Please let me know if you'd like to propose additional topics for
discussion, thank you!

[1] https://lore.kernel.org/all/mafs0cyf4ii4k.fsf@kernel.org
[2] 
https://lore.kernel.org/lkml/20250307005830.65293-5-ptyadav@amazon.de/T/
[3] 
https://lore.kernel.org/linux-mm/20250310120318.2124-6-arbn@yandex-team.com/T/
[4] https://www.qemu.org/docs/master/devel/migration/main.html#vmstate

^ permalink raw reply	[flat|nested] 5+ messages in thread

* Re: [Hypervisor Live Update] Notes from March 10, 2025
  2025-03-17  3:52 [Hypervisor Live Update] Notes from March 10, 2025 David Rientjes
@ 2025-03-17 17:22 ` Jason Gunthorpe
  2025-03-20  5:37   ` Pratyush Yadav
  0 siblings, 1 reply; 5+ messages in thread
From: Jason Gunthorpe @ 2025-03-17 17:22 UTC (permalink / raw)
  To: David Rientjes
  Cc: Alexander Graf, Anthony Yznaga, Dave Hansen, David Hildenbrand,
	Frank van der Linden, James Gowans, Junaid Shahid,
	Matthew Wilcox, Mike Rapoport, Pankaj Gupta, Pasha Tatashin,
	Pratyush Yadav, Vipin Sharma, Vishal Annapurve, Woodhouse, David,
	linux-mm, kexec

On Sun, Mar 16, 2025 at 08:52:43PM -0700, David Rientjes wrote:

> Pasha asked how drivers would know if reservations would be denied in the
> first 4GB of memory.  Mike said an error code would be returned.  Pasha
> was specific about devices that wanted to preserve the memory because
> they knew DMA would be on-going during the reboot.  This became a more
> general question: what devices should we support for KHO and what should
> we not (what is considered too legacy?).  In the meantime, Pratyush
> suggested explicit checks for this.

IMHO supports DMA to all memory, and doesn't require swiotlb seem like
reasonable starting points for device capability.

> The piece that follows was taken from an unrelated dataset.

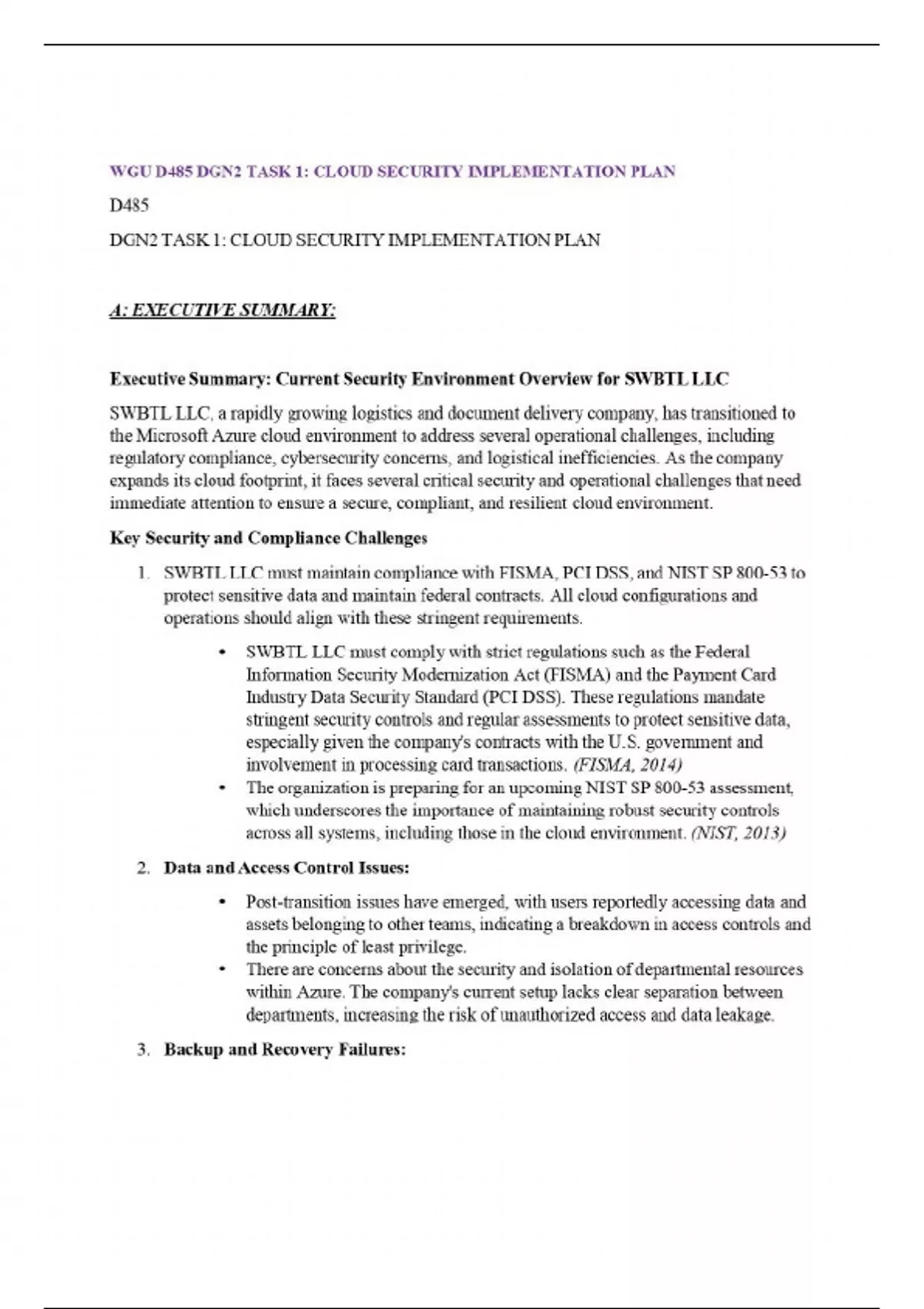 WGU D485 DGN2 TASK 1: CLOUD SECURITY IMPLEMENTATION PLAN | Latest 2025 Update with complete solutions.

If you can't start swiotlb later, after the buddy allocator, maybe
just make it KConfig conflicting with KHO?

You could probably also preserve the swiotlb memory across the kexec
to bootstrap it, but why? It should never be used on modern HW..

> Pratyush noted there was no way to preserve folio orders in KHO and he
> also noted there was a need for page flags.

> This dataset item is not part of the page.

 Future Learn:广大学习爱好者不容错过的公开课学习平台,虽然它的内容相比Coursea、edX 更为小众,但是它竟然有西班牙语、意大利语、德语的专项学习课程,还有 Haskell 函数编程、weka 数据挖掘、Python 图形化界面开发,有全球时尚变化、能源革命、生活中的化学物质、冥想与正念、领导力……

I think the xarray idea will preserve folio orders, that was a big
point of it.

Not clear why we'd need to preserve page flags. The same page flags
may not even exist in the new kernel? New kernel should set the page
flags correctly based on what it is doing. Shouldn't, say, memfd know
exactly what it's page flags should be in the new kernel when adopting
the memory?

> Pasha asked how cgroups would be handled, but there was no current
> support for that.  Pratyush said the current RFC focused on anon memfd
> and has not yet looked at hugetlb.  Pasha emphasized the importance of
> focusing on one type of memory to start.

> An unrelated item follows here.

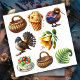 Neuseeland Kiwiana Set 5 Aufkleber. © Pick a Sticker. Auf diesem 8 Aufkleber-Blatt befinden sich alle Kiwiana aus Neuseeland, die stilisierte Bilder von einem Korbgeflecht, einem Hokey Pokey Eis, einem Fantail Vogel, einer NZ Flag auf einem Kiwi Vogel, einer Kowai Blume, einem Pavlova Dessert und einer gewölbten Farnfront enthalten.

I'd say userspace should deal with this. It should de-serialize the FD
within the context of the cgroup it wants to charge that FD too, and
the de-serializing process should charge that cgroups accounting with
whatever is restored inside the FD.

Is that possible?

> Andrey had recently sent another patch series for KSTATE[3] that was
> discussed, now in v2, which was closer to being a formal submission
> rather than an RFC.  He noted his concern with KHO was how hard it was to
> write serialization code.  His goal was to give drivers the ability to
> migrate structs across kexec which could be more elegant (see the
> struct kstate_description).  

I think we will have structs, I think most things will be structs. The
KHO just gives a small FDT area to keep track of the top level struct
pointers in a more understandable and auditable way.

> Mike suggested on top of KHO we have FDT, then what Pasha is proposing
> for dynamic tree on top of that, then perhaps kstate on top of that.  He
> would need to look more into kstate.

This makes sense to me. I think the FDT should be the first layer, and
then we can go item by item and decide the best serialization to use,
always starting from the FDT.

At worst the FD is just an expensive way to store a pointer to a
struct.

If we determine at the end that the FDT is predominantly used for very
simple struct things then maybe it gets replaced..

Regards,
Jason

^ permalink raw reply	[flat|nested] 5+ messages in thread

* Re: [Hypervisor Live Update] Notes from March 10, 2025
  2025-03-17 17:22 ` Jason Gunthorpe
@ 2025-03-20  5:37   ` Pratyush Yadav
  2025-03-20 12:23     ` Jason Gunthorpe
  0 siblings, 1 reply; 5+ messages in thread
From: Pratyush Yadav @ 2025-03-20  5:37 UTC (permalink / raw)
  To: Jason Gunthorpe, David Rientjes
  Cc: Alexander Graf, Anthony Yznaga, Dave Hansen, David Hildenbrand,
	Frank van der Linden, James Gowans, Junaid Shahid,
	Matthew Wilcox, Mike Rapoport, Pankaj Gupta, Pasha Tatashin,
	Vipin Sharma, Vishal Annapurve, Woodhouse, David, linux-mm,
	kexec

Writing this from my phone so apologies in advance if it messes up formatting somewhere.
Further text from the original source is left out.